Моргон посмотрел на Гох. Лицо ее выразило облегчение, и он понял, как она беспокоилась.

– Пожалуйста, – мягко заметил он, – скажи Лире, что я уже почти закончил со стеной.

– Да, господин.

– Большое спасибо.

Она поспешно и застенчиво кивнула, затем вдруг улыбнулась:

– Да, господин.

По мере того как работа двигалась вперед, а день догорал, присутствие волшебной мощи становилось все осязаемей. Чародей, молча помогавший ему по ту сторону стены, укреплял камни, прежде чем Моргон к ним прикасался, запечатывал проломы мнимым серым гранитом, восстанавливал равновесие там, где стена была шаткой. Теперь уже не казалось, будто стены вот-вот обвалятся. Они опять стояли гордо, заделанные, укрепленные, охватывая город сплошным поясом и готовясь отбросить врага прочь.

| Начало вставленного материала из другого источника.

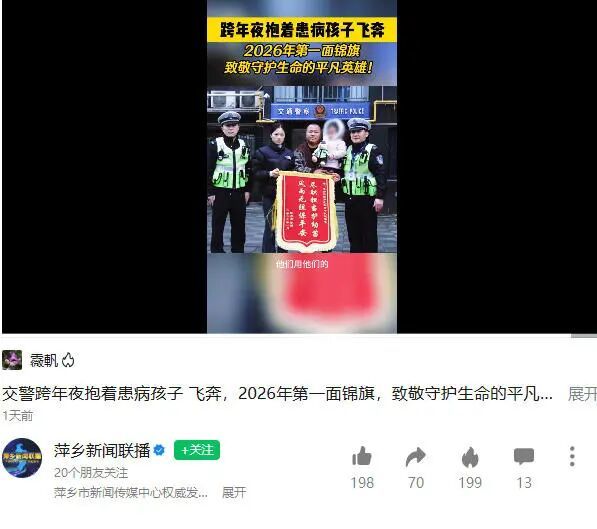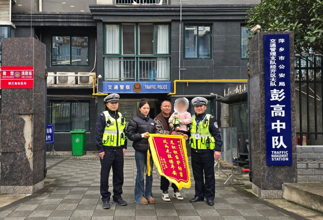 跨年夜的紧急救援虽已落幕,温情却在延续。2026年1月2日中午,跨年夜在天虹路段求助的陈先生专程前往萍乡市公安局交管支队经开区大队,将一面锦旗送到经开大队交警巫家军手中,感谢他在跨年夜里的紧急救助。从雨夜狂奔到锦旗致谢,巫家军以初心践行使命,用实际行动诠释了“哪里有困难,哪里就有人民警察”的铮铮誓言。

Моргон перекидывал нить волшебства от камня к камню, зашивая последнюю трещину в древней кладке, затем прислонился спиной к стене и закрыл лицо руками. Он чуял запах сумерек, покачивающихся над полями в седле ночи. Тишина последних мгновений заката, мирные полуночные птичьи песни на мгновение увлекли его мысли к Хеду. Далекое карканье вороны помешало ему уснуть прямо здесь, возле стены. Он очнулся и прошел в одни из двух больших ворот, которые оставил открытыми. На дальнем конце арочного проема стоял человек с вороной на плече.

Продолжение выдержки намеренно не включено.